Dreamy, instrumental passages have always been a part of the Pink Floyd sound, whether they’re stand along pieces, or passages as part of some album side-long epic. So what you hear on this record really isn’t anything shocking. Although not shocking, I would add that what is here is, in fact surprising. I only say that because they seem to be paying homage, in some respects, to their entire career. I don’t know if this is intentional or not, but I was expecting a bunch of new-agey keyboard passages accompanied by the occasional David Gilmour-esque guitar solo.

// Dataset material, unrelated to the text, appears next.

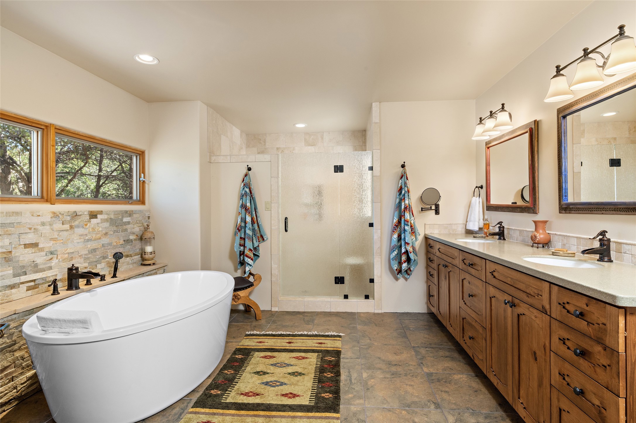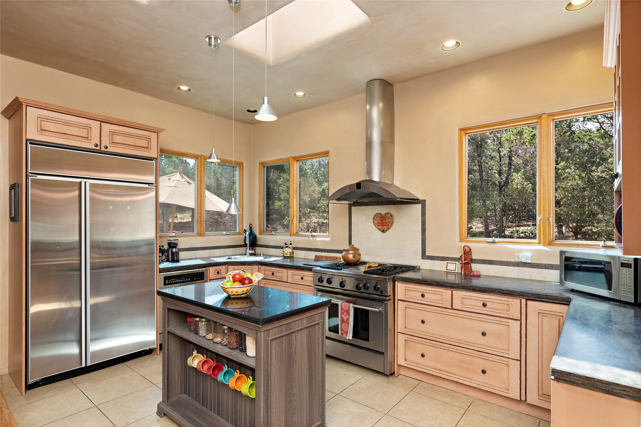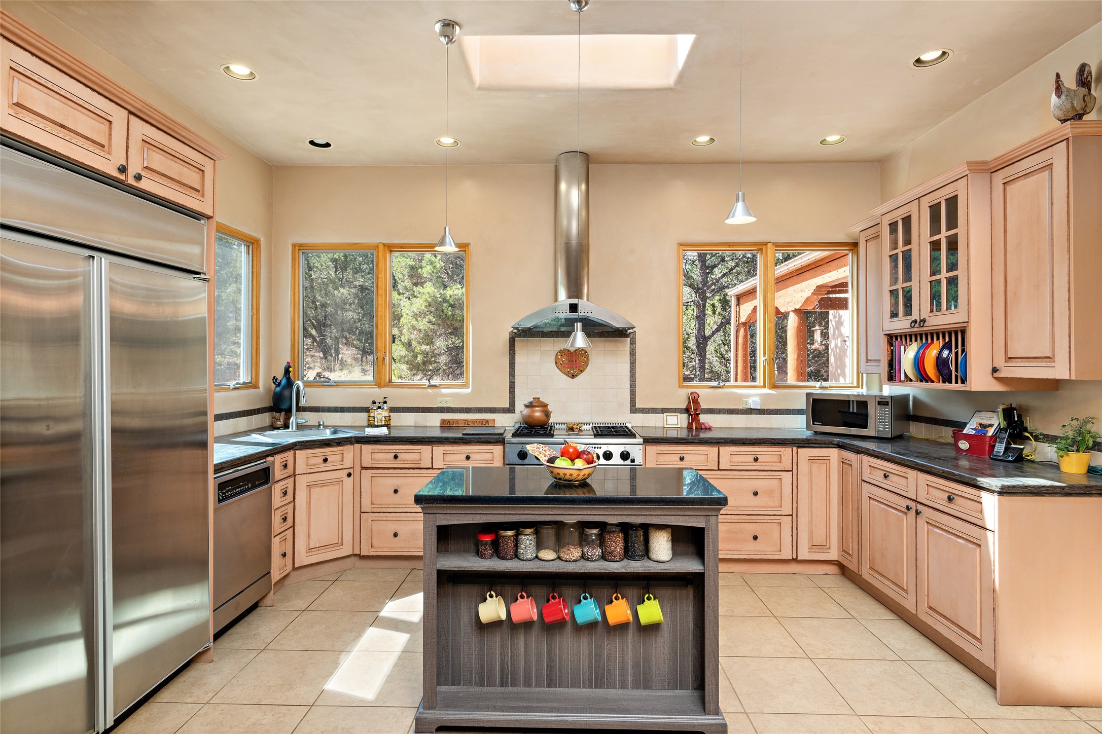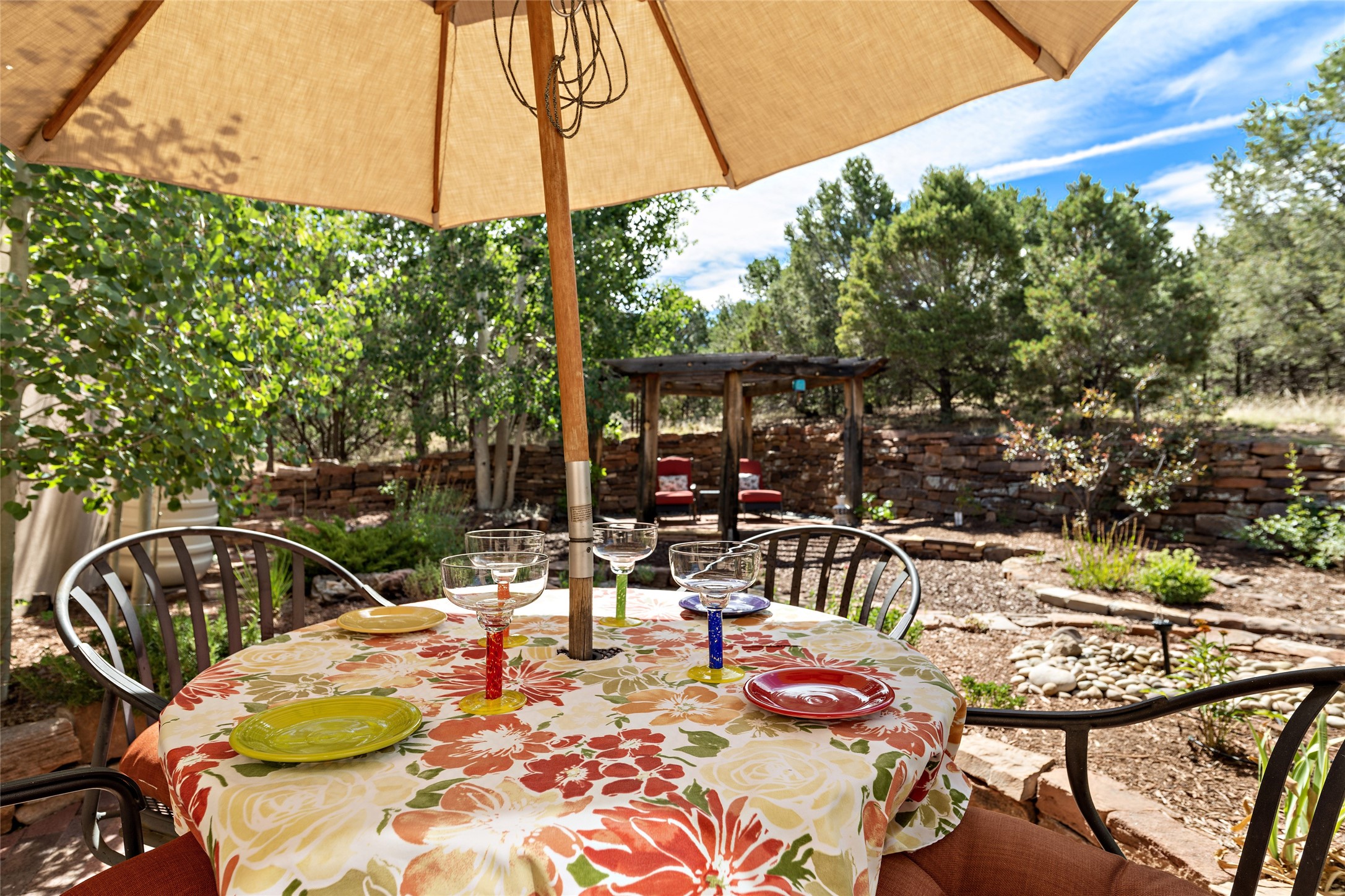 Located in the popular Alteza Estates neighborhood, this stunning home sits on 2.5+ nicely wooded acres and features an open floorplan combining living, dining and kitchen - ideal for entertaining. Dramatic beams and corbels in the majority of the home and hand-troweled plaster in the public areas. Remodeled kitchen has deep soft close drawers, stainless appliances, generous pantry with wine fridge and an island with storage and a granite countertop. Two woodburning fireplaces to enjoy - one in the living room and the other in the primary bedroom. Primary bath has 70-gallon soaking tub, large separate shower and double sinks. Very nice bedroom separation. Pretty gallery hallway to display family photos or artwork. Lush and established landscaping provide a private sanctuary complete with a night sky ramada to check out the milky way nearly every night. Fix My Roof complete silicone coating in 2019. Ten-year transferrable warranty. NO CARPET, NO STEPS. Finished 2-car attached garage. Close to shopping, hiking and parks. All this and on a paved road too! Four minisplits for heat and air conditioning are scheduled to be installed by October 4. Domestic plumbing supply is copper.
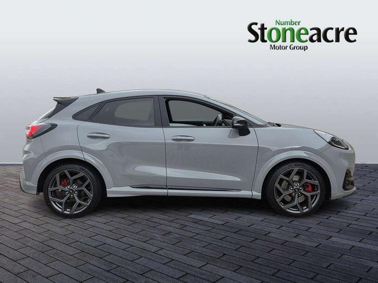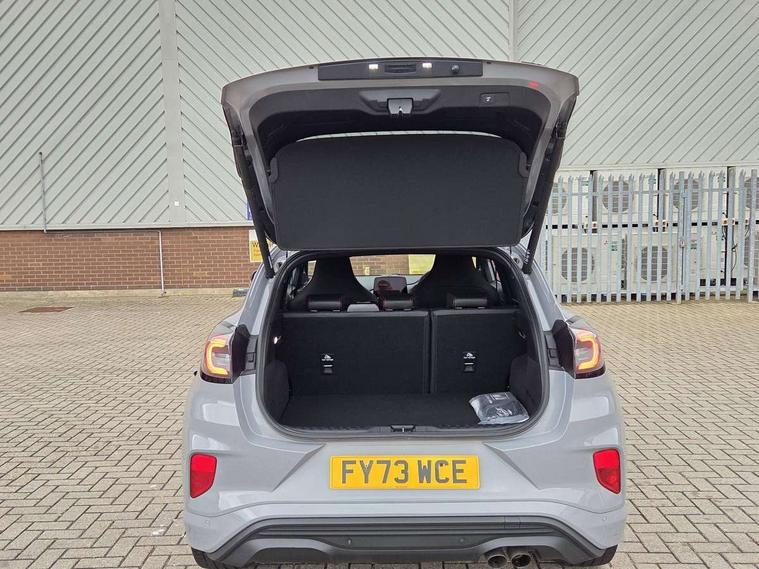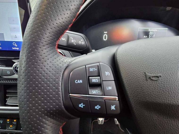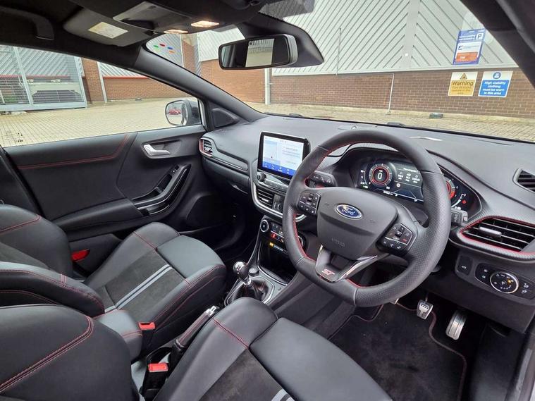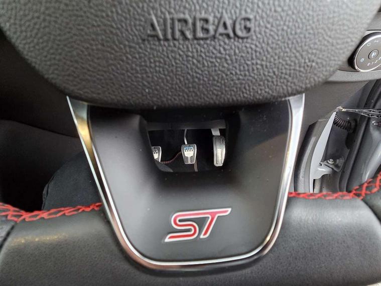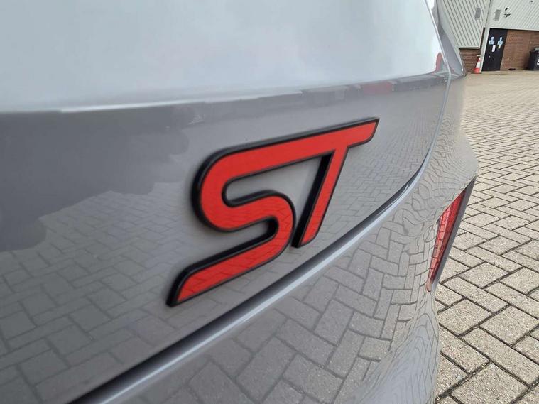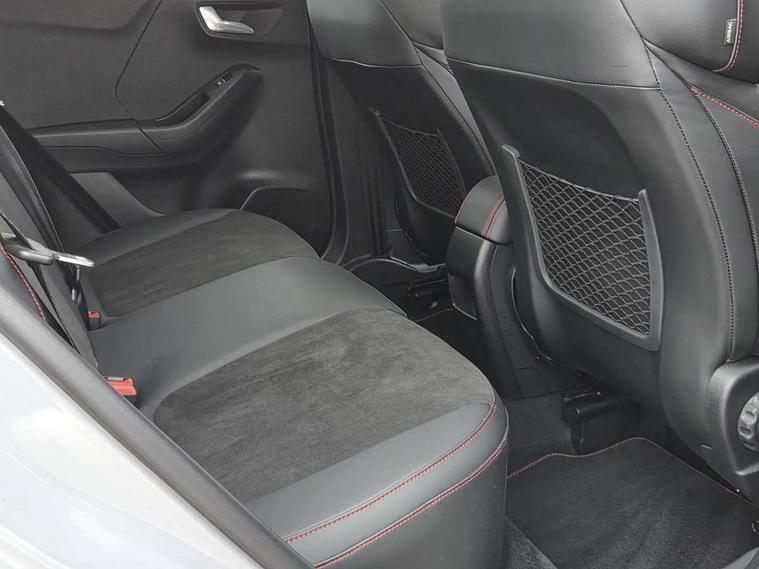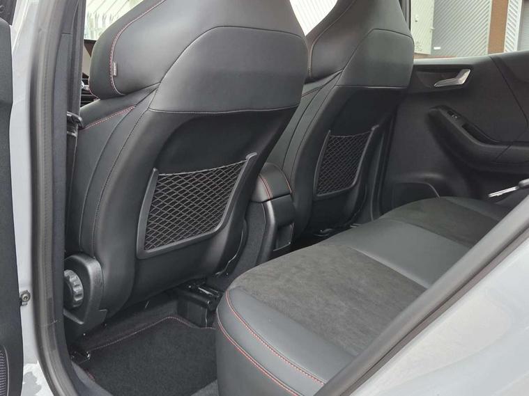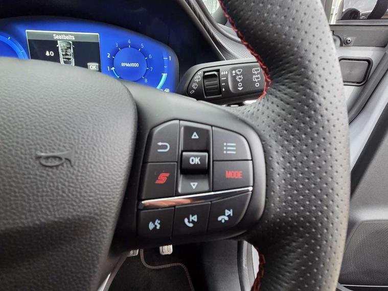 Cruise control with Intelligent speed assist, Driver impairment monitor, Emergency call service, Ford easy fuel, Front and rear parking sensors, Full digital 12.3" instrument cluster, Lane keeping aid with lane departure warning, Power assist steering, Selectable drive modes (normal, sport, eco, track), Speed sign recognition, Engine sound enhancer, ST suspension, Automatic headlights with auto high beam, Automatic rain sensing wipers, Dual chrome exhaust, Fixed LED signature headlamps, Front fog lamps, LED daytime running lights, LED rear lamps, Power foldable heated door mirrors with puddle lamps and puma logo protection, Privacy glass to side rear windows and tailgate glass, Quickclear heated windscreen, Rear side wing doors, Rear wiper, ST scuff plates, Third brake light, Unique ST body styling kit including contrast black roof, large rear spoiler and wing mirrors, plus Ford Performance embossed splitter, 3 seat bench in 2nd row, Alloy sports pedals, Centre console with armrest and stowage, Ford megabox extended bootspace, Ford Performance sensico partial premium leather upholstery with metal grey stitching, Front and rear floor mats, Front and rear head restraints, Manual 6 way driver seat adjust with lumbar adjustment, Manual 6 way passenger seat with lumbar seat adjustment, Single front passenger seat, ST flat bottomed steering wheel with metal grey stitching, ST logo projection, Unique ST gear shift knob, Wireless charging pad with electronic air temperature control (EATC), B&O Premium Audio system + Ford SYNC 3 navigation pack - Puma, Winter pack - Puma, 3 rear seatbelts, Child safety lock, Electronic stability control (ESC) and hill start assist, Pedestrian/cyclist detection & post-collision braking, Pre collision assist system, Red brake calipers, Tyre pressure monitoring system (TPMS), Keyless entry and power start button, Thatcham alarm, Carbon look interior deco spears, 19" 5 Spoke magnetite dark finished alloy wheel, Tyre inflation kit,

Granted, there’s plenty of that here, but some of these tracks almost sound like they belong on such classic albums as The Wall, Dark Side of the Moon, Ummagumma, and even A Saucer Full Of Secrets. There are only a couple of times where the listener may wince and wish they would have done things slightly different – such as one song Talkin Hawkin that basically lifts the exact same speech that they included from The Division Bell, or when they actually do include a song featuring lyrics and singing (Louder Than Words), it comes across as too much of a shock and tends to jerk one out of their comfortable soothing reverie.

I really have no idea what material that David Gilmour and Nick Mason had when they began this project, but whatever scraps they had, they ended up making a very nice, pensive way to say goodbye. The Pink Floyd river, fortunately, will always be endless.